Thank you so much for pointing out this issue. I should have documented how to use this code better. After fixing your issue I will go back and document it much better.
I need more information about the graph and the users_embedding. Could you please run this code?:
import networkx as nx
import numpy as np
G = # Your Graph
users_embeddings = # Your embeddings
# The graph
print(f"Number of nodes: {G.number_of_nodes()}")
print(f"Number of edges: {G.number_of_edges()}")
print(f"Is directed?: {G.is_directed()}")
print(f"Is connected?: {nx.is_connected(G)}")
nodes = G.nodes(data=True)
print(f"Nodes: {nodes[0]}")
print(f"Length of users_embeddings: {len(users_embeddings)}")
print(f"Type of users_embeddings: {type(users_embeddings)}")
i = users_embeddings.keys()[0]
first_embedding_shape = users_embeddings[i].shape
print(f"Shape of the first embedding: {first_embedding_shape}")

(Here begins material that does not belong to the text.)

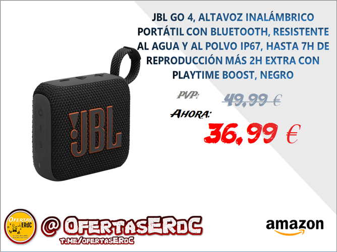 Contenido de envío: 1x JBL GO 4 Altavoz portátil a prueba de agua y polvo con Bluetooth, 7h de reproducción continua con una sola carga, USB-C, guía de inicio, hoja de seguridad, negro

# Check if all the embeddings have the same shape
ans = all(emb == first_embedding_shape for emb in users_embeddings.values())

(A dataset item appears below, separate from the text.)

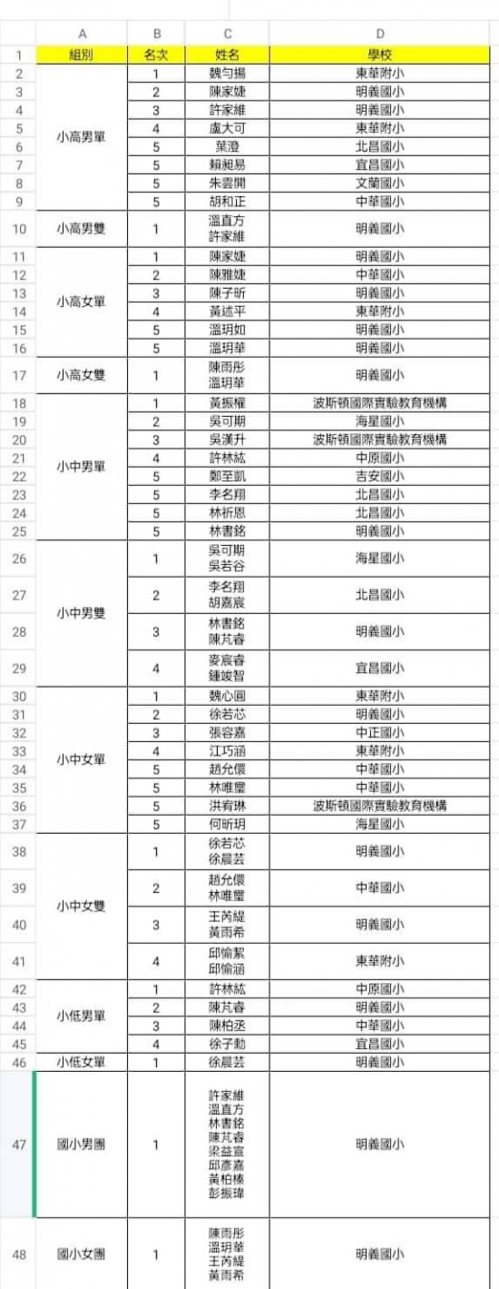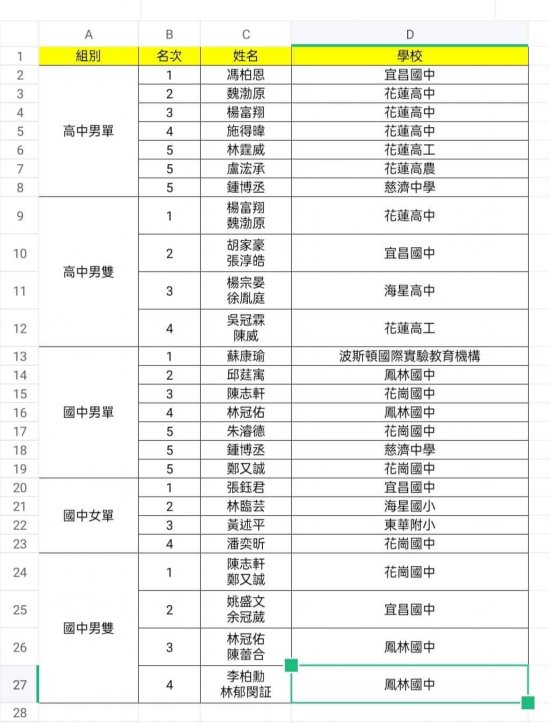 112年花蓮縣縣長盃羽球錦標賽-成績公告

print(f"Are all the embeddings of the same shape?: {ans}")
Hi @faalatawi, I experimented with your code using a very dummy dataset. The graph is quite small, with 4 nodes and 4 edges. Initially, my graph is directed. However, after executing the following lines of code in your "get_data" function, it becomes an undirected graph:
G = nx.read_gml(dataset_path + "graph.gml")
if nx.is_directed(G):
G = G.to_undirected()
So, after obtaining the user embeddings, I executed the "verification code" you posted in your last reply. I made a few minor modifications as there were some errors. Here is the code I ran:
import networkx as nx
import numpy as np
def alatawi_check(G, users_embeddings):
# The graph
print(f"Number of nodes: {G.number_of_nodes()}")
print(f"Number of edges: {G.number_of_edges()}")
print(f"Is directed?: {G.is_directed()}")
print(f"Is connected?: {nx.is_connected(G)}")
nodes = G.nodes(data=True)
print(nodes)
print(f"Nodes: {nodes[0]}")
print(f"Length of users_embeddings: {len(users_embeddings)}")
print(f"Type of users_embeddings: {type(users_embeddings)}")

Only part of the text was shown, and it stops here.